After buying granite countertops, are you worrying about replacing the white plastic with metal/cast plates and new electrical fixtures?

There are no rules, just whatever suits your eye and opinions.

Dick


----------



## JDpenelope (Feb 22, 2012)

*I'm not worrying -- Just trying convince husband and agent*

We're selling this home; agent and husband don't think it's necessary to replace the white plugs and switches. I think it will look funny in a somewhat upscale home.

Thanks.


----------



## user1007 (Sep 23, 2009)

You don't have a lot of stock color choices for switches and outlets. White, beige, brown and black. Sometimes the more you fuss with something the worse it ends up looking. I personally would add more lawn ornaments to detract buyers from the color of outlets and switches in the kitchen. Lawn ornaments sell houses!

Seriously? Some will cringe at this but if they really bother you? And you think white ones will drop the selling price of the home by $20-30K? You yourself would not offer on the house if you were looking? Then fix them for sure. 

Buy a can of Krylon Fusion paint (specially designed for painting plastic) in a rattle can and in a color you think goes better with the outlet covers. Generously mask off the area around the switches and outlets---you will have to cut for the GCFI buttons with a hobby knife or something. With the power off, spray the outlets and switches. A few light coats will produce better results than trying to hit them with one. Replace the covers. Turn the power back on. Private mail me for an email address to which you may PayPal my commission check.


----------



## hardtimesdesign (Feb 23, 2012)

Often, switch plates are quite inexpensive.

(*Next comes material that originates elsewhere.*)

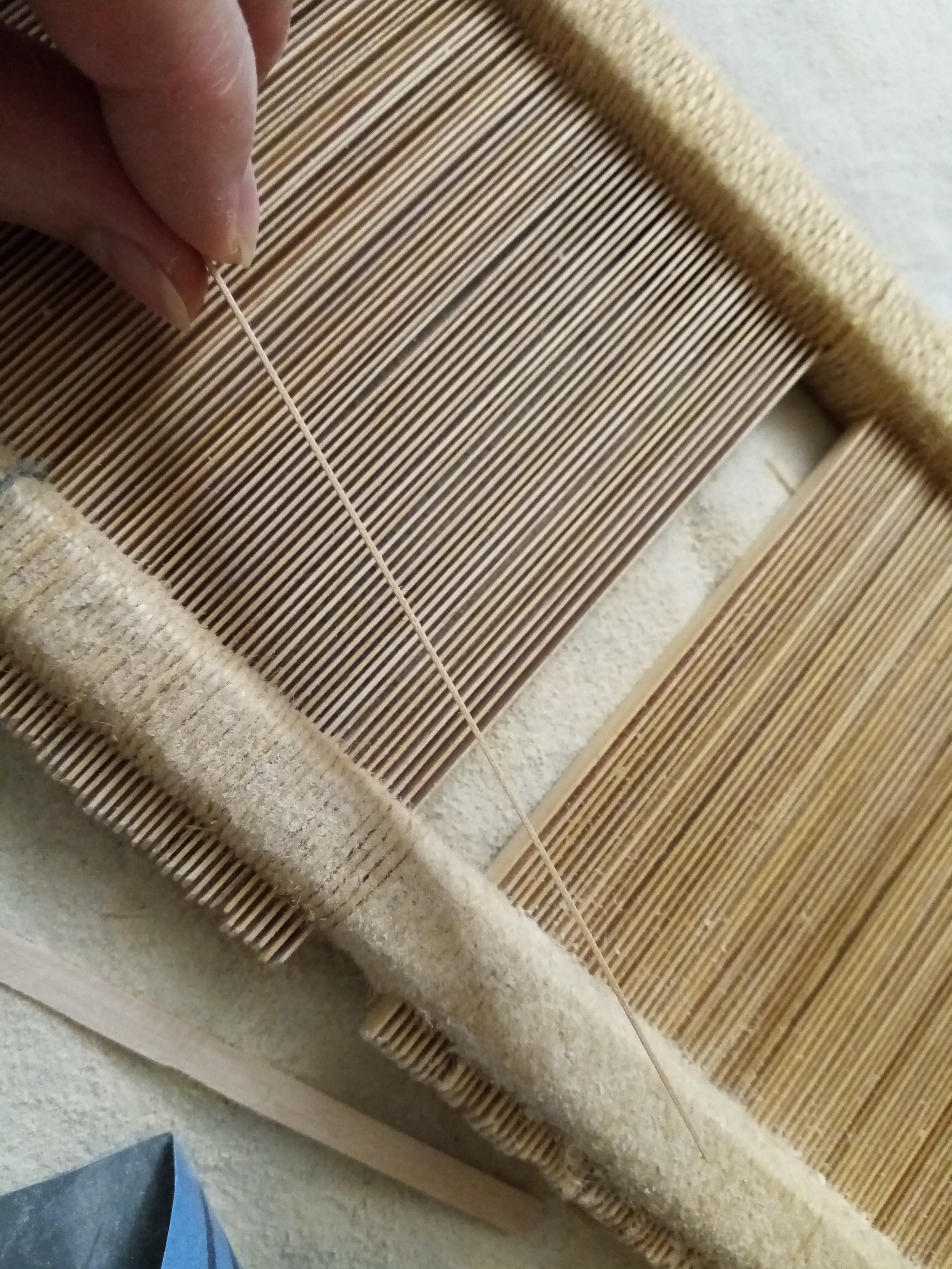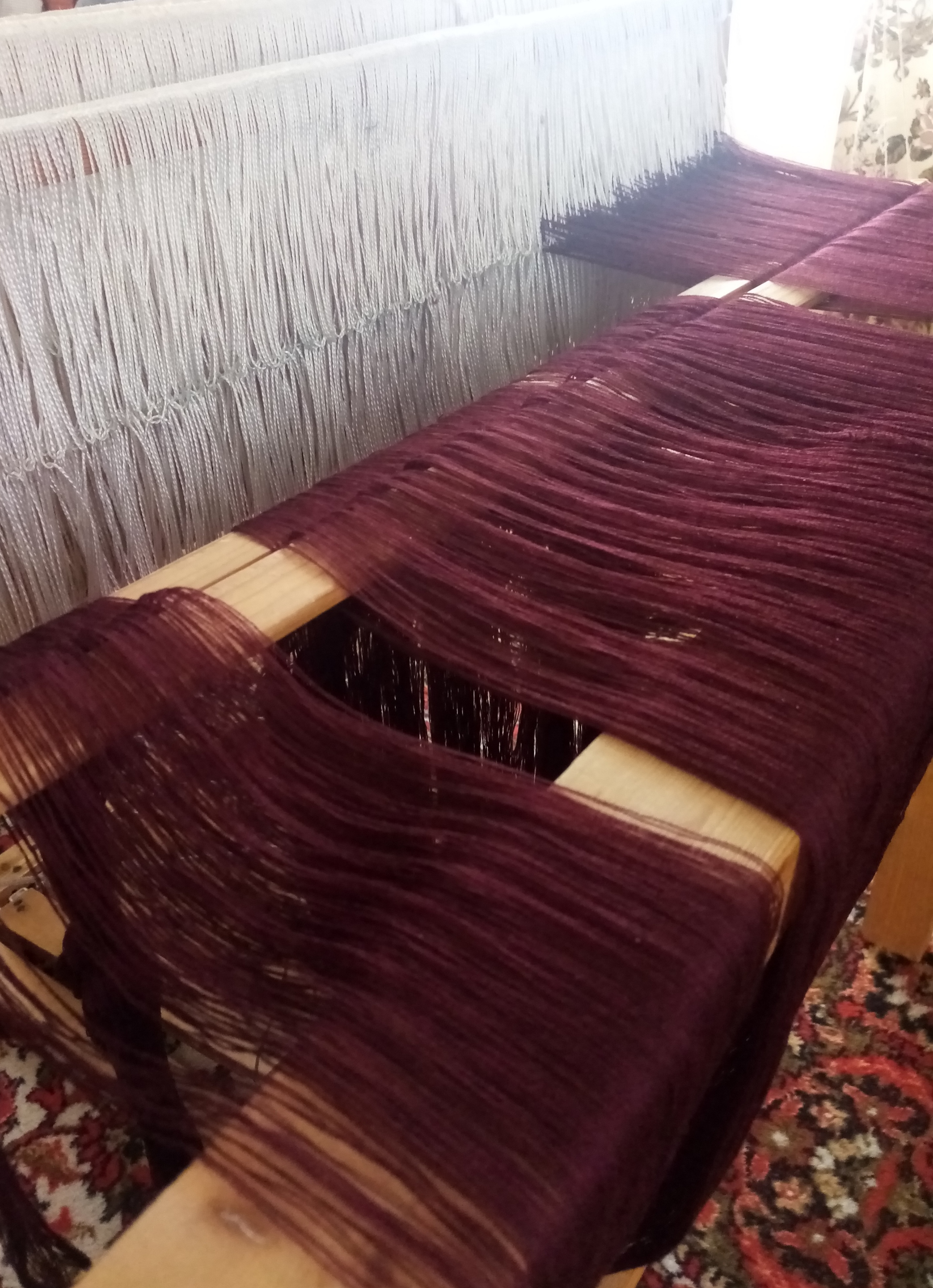 Люди не знакомые с ткачеством говорят, что ткать сложно, но нет, самое сложное — подготовить и правильно заправить нити в станок. Чтобы получилось красивое переплетение, нужно каждую ниточку вдеть в единственно верную петлю.

You can also try lighting showrooms - they often have big catalogues of switch plates, drawer pulls, etc. IIRC Lowe's and Home Depot offer some, but I think it's quite paltry.

What finish is your faucet? Ideally, your switch plates would not be drastically different in finish from your faucet. Like a stainless steel faucet with black iron switch plates? That would be weird.

Syd


----------



## user1007 (Sep 23, 2009)

hardtimesdesign said:


> Often, switch plates are quite inexpensive.
> You can also try lighting showrooms - they often have big catalogues of switch plates, drawer pulls, etc. IIRC Lowe's and Home Depot offer some, but I think it's quite paltry.
> 
> What finish is your faucet? Ideally, your switch plates would not be drastically different in finish from your faucet. Like a stainless steel faucet with black iron switch plates? That would be weird.
> ...


I think you misread the post. The OP has selected coverplates she likes. She is concerned about the color of the sockets and switches themselves. :yes:


----------



## hardtimesdesign (Feb 23, 2012)

Oy, you're right! I suppose that is a risk I run when I post late night, apologies.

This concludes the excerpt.